Кто-то одобрительно фыркает.
- Еще не вышел на арену, а уже заделался фаворитом, - вступает в разговор третий, в его голосе достаточно яда. – С таким же успехом он может сразу пойти и отсосать хоз…
- Придержи язык, - рявкает кто-то, и добавляет тихим отрывистым шепотом, - я не хочу участвовать в подобных разговорах.
Болтун резко замолкает.
- Идиот, - бормочет один из мужчин.
Я делаю еще глоток и ставлю ковш рядом с корытом
Когда я прохожу мимо, кто-то орет мне в спину:
- Эй, новичок!
Я стискиваю зубы, но не останавливаюсь и не оборачиваюсь. Я и не сомневался, что они будут издеваться, но им не удастся превратить меня в местную сучку. Они не сломают меня, но обязательно попытаются. На полпути к тренировочному кругу кто-то хватает меня за руку. Я выдергиваю ее, оборачиваясь, и неожиданно глаза в глаза сталкиваюсь с парфянином, которому оставил шрам два лета назад.
- Я к тебе обращаюсь, новичок, - рычит он.
Я делаю шаг к нему. К моему удовлетворению он испуганно отступает, но когда удивленный рокот волной проходит по толпе, глаза парфянского ублюдка сужаются, а ноздри раздуваются.
- Хочешь поболтать с новичком? – спрашиваю я. – Так здесь их полно.
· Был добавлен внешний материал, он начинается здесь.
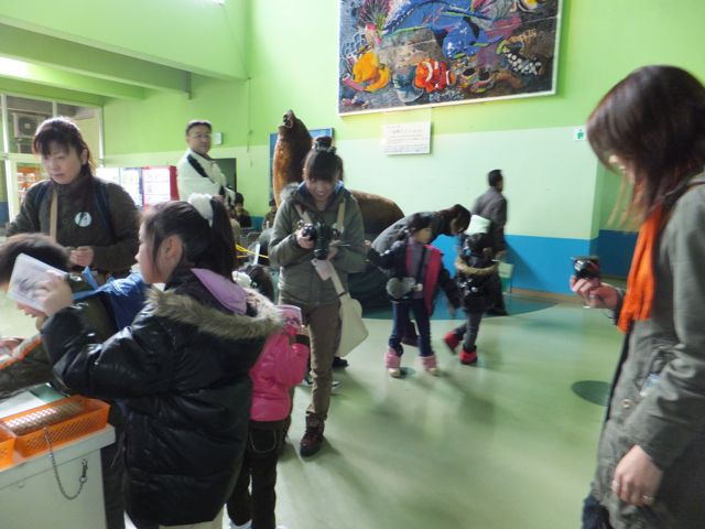 あざらしの撮影に夢中のかざねちゃん8歳。
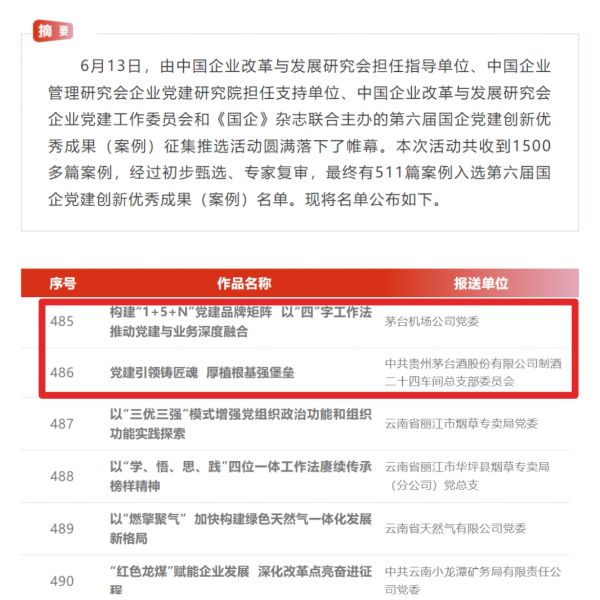 6月13日,由中国企业改革与发展研究会指导 黄瓜视频黄污APP下载,中国企业管理研究会企业党建研究院支持,中国企业改革与发展研究会企业党建工作委员会和《国企》杂志联合主办的第六届国企党建创新优秀成果(案例)名单揭晓,茅台集团下属党组织茅台机场公司党委和茅台酒股份公司制酒二十四车间党总支入选榜单。
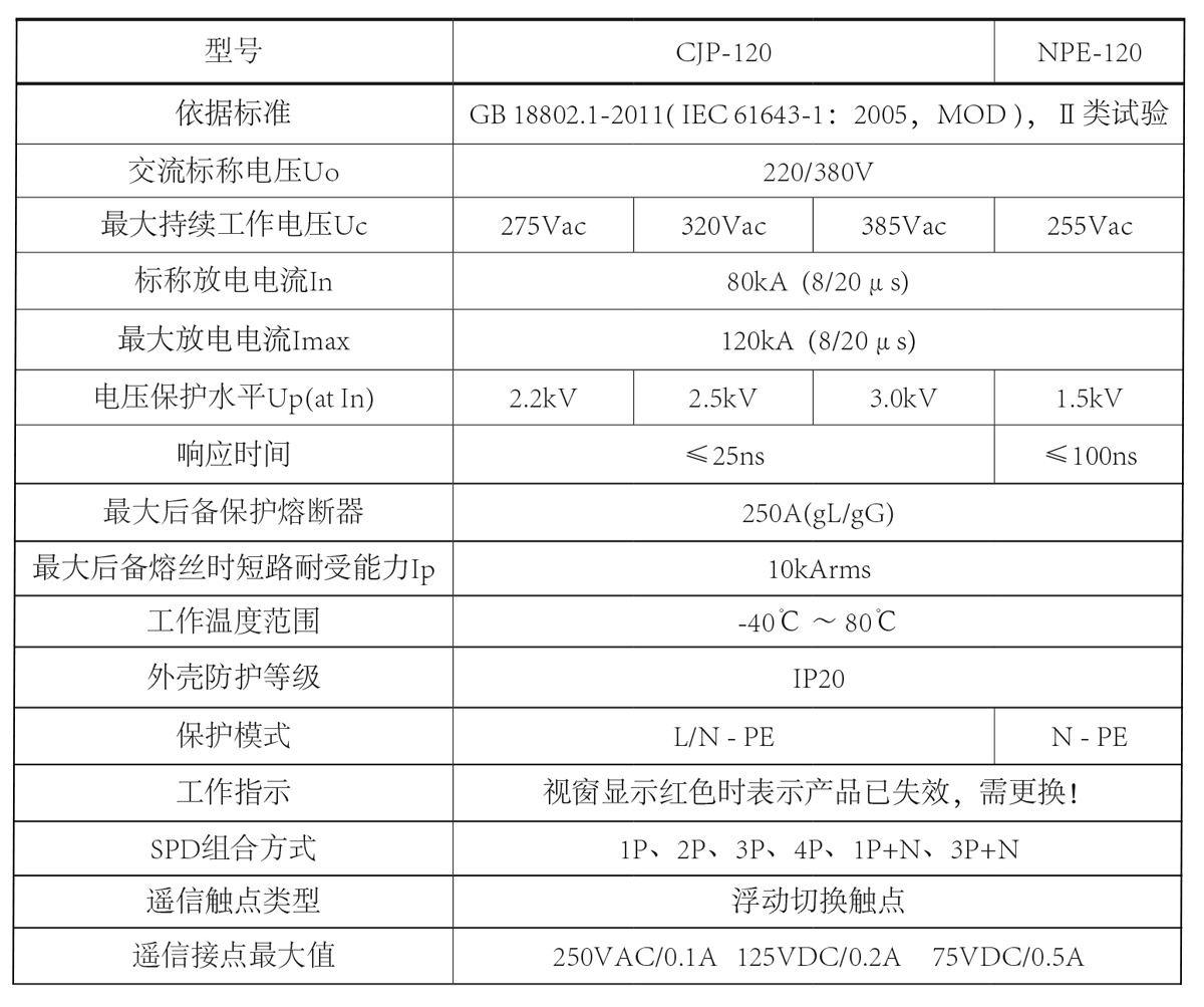 描述 我公司SPD的主要业务是OEM,我们的产品符合IEC61643.11-2011和GB18802.1-2011的要求,我们根据客户的要求提供个性化的服务。 Technical parameters of CJP-120

Мы с тобой оба знаем, что я не один из них.
Я хочу уйти, но он снова цепляется за мою руку и теснит назад. Указывая подбородком мне за спину, он приказывает:
- Иди к корыту и принеси нам воды.
- Ты знаешь, где вода. Сходи за ней сам.
И снова окружающая нас толпа пораженно ропщет, еще более настойчиво, и я не смею отвести взгляд от человека, бросающего мне вызов.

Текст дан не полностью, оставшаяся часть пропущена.